Records supplied Start Marker

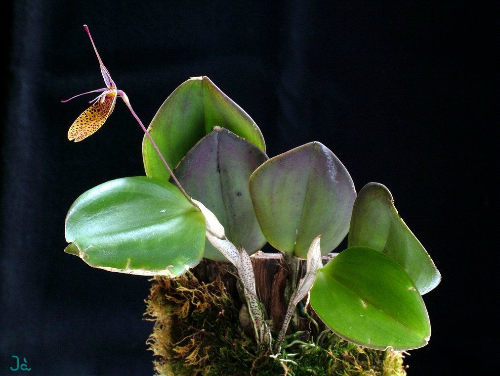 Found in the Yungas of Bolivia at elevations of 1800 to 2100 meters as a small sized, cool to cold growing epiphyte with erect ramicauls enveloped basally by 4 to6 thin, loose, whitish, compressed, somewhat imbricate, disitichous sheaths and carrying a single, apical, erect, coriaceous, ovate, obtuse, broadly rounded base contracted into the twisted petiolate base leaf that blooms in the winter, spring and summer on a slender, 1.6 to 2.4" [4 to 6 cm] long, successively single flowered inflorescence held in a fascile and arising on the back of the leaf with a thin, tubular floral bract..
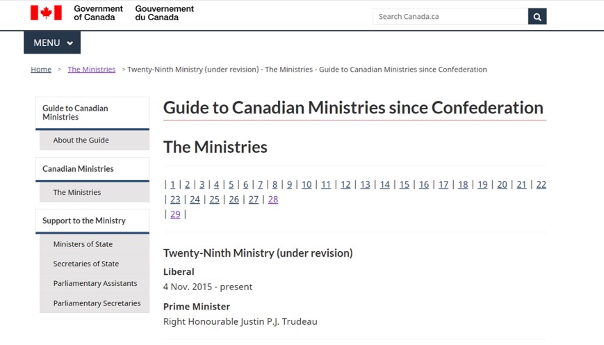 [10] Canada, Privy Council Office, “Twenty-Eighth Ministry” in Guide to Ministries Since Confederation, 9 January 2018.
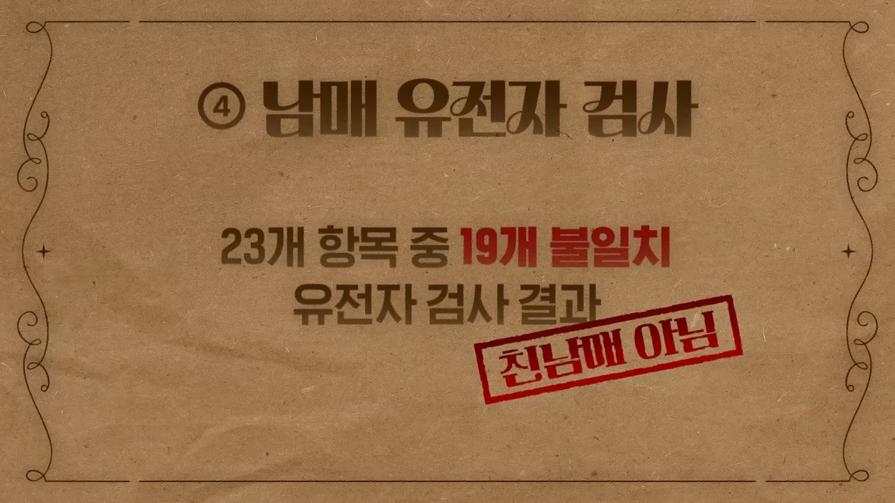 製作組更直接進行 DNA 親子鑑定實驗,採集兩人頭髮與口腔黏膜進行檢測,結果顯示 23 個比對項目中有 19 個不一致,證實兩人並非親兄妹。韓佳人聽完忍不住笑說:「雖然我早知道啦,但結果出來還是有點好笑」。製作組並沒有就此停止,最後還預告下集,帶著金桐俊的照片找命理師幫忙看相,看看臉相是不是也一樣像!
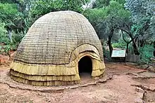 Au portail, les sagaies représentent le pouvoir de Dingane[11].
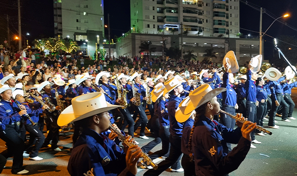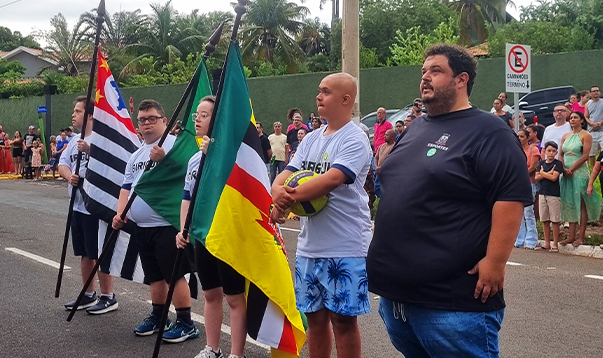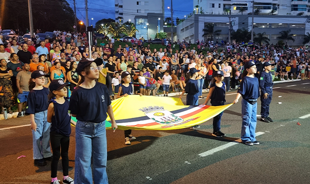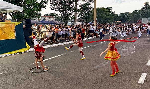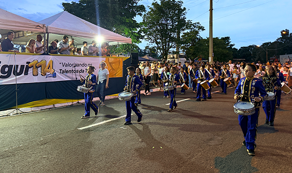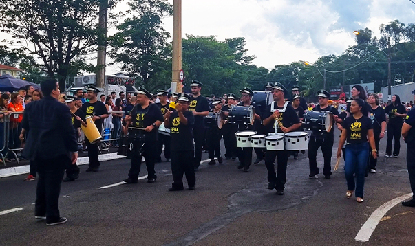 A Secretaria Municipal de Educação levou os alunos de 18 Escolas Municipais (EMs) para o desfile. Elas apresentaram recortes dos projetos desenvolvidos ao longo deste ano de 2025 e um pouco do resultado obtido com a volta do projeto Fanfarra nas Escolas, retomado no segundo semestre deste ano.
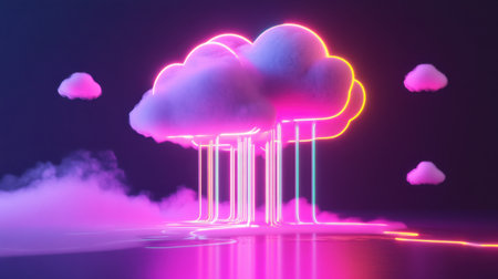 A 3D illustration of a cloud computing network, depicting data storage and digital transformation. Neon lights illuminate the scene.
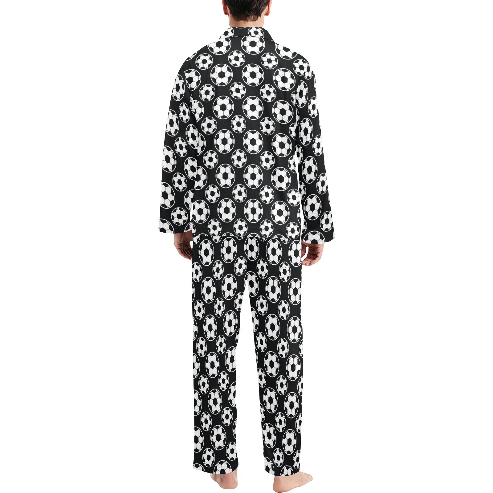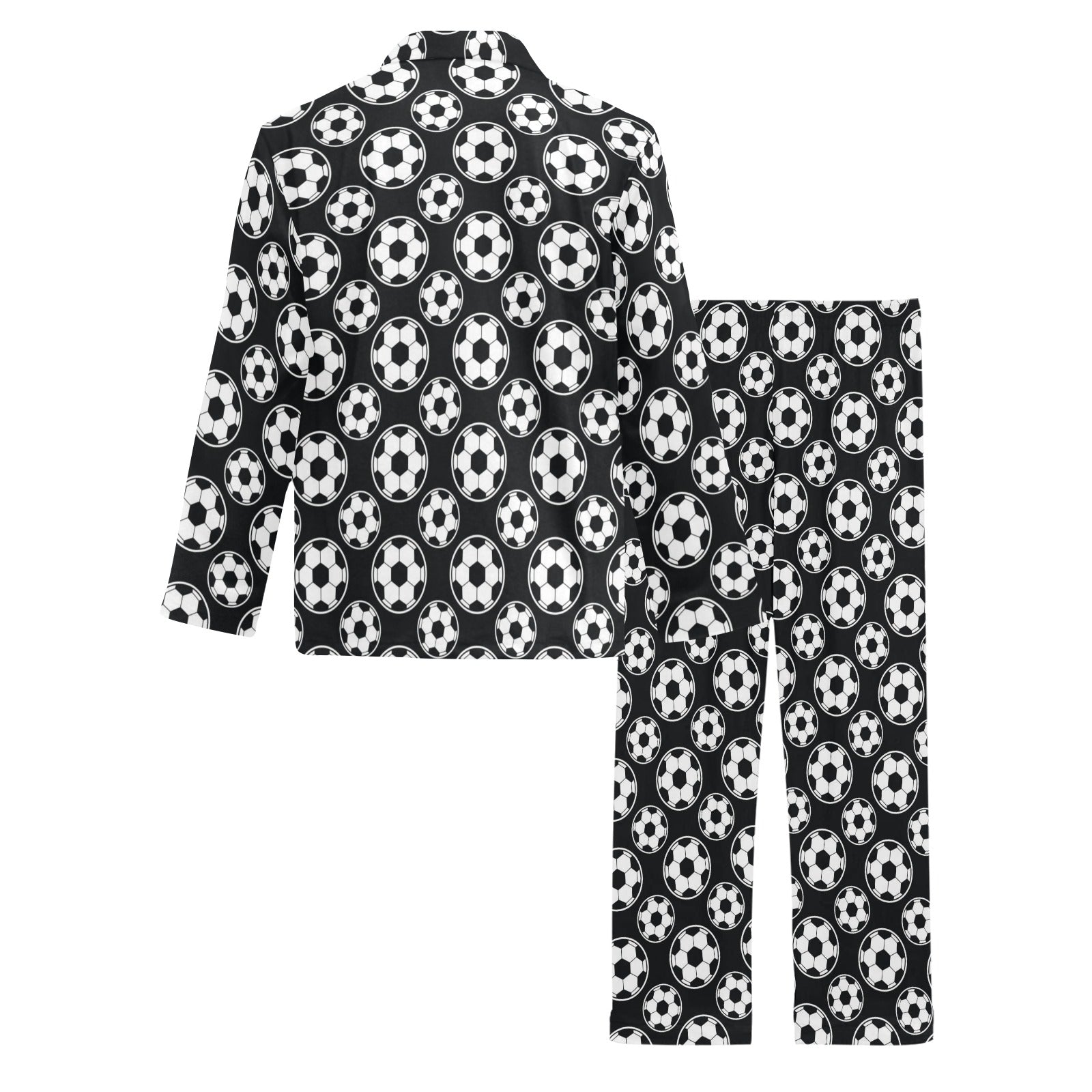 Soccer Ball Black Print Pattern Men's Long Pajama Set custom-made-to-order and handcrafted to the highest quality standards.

Records supplied End Marker

__About this task__:
Retype the whole listing exactly. Do not include the pictures.

__Result__:
 Found in the Yungas of Bolivia at elevations of 1800 to 2100 meters as a small sized, cool to cold growing epiphyte with erect ramicauls enveloped basally by 4 to6 thin, loose, whitish, compressed, somewhat imbricate, disitichous sheaths and carrying a single, apical, erect, coriaceous, ovate, obtuse, broadly rounded base contracted into the twisted petiolate base leaf that blooms in the winter, spring and summer on a slender, 1.6 to 2.4" [4 to 6 cm] long, successively single flowered inflorescence held in a fascile and arising on the back of the leaf with a thin, tubular floral bract..
 [10] Canada, Privy Council Office, “Twenty-Eighth Ministry” in Guide to Ministries Since Confederation, 9 January 2018.
 製作組更直接進行 DNA 親子鑑定實驗,採集兩人頭髮與口腔黏膜進行檢測,結果顯示 23 個比對項目中有 19 個不一致,證實兩人並非親兄妹。韓佳人聽完忍不住笑說:「雖然我早知道啦,但結果出來還是有點好笑」。製作組並沒有就此停止,最後還預告下集,帶著金桐俊的照片找命理師幫忙看相,看看臉相是不是也一樣像!
 Au portail, les sagaies représentent le pouvoir de Dingane[11].
 A Secretaria Municipal de Educação levou os alunos de 18 Escolas Municipais (EMs) para o desfile. Elas apresentaram recortes dos projetos desenvolvidos ao longo deste ano de 2025 e um pouco do resultado obtido com a volta do projeto Fanfarra nas Escolas, retomado no segundo semestre deste ano.
 A 3D illustration of a cloud computing network, depicting data storage and digital transformation. Neon lights illuminate the scene.
 Soccer Ball Black Print Pattern Men's Long Pajama Set custom-made-to-order and handcrafted to the highest quality standards.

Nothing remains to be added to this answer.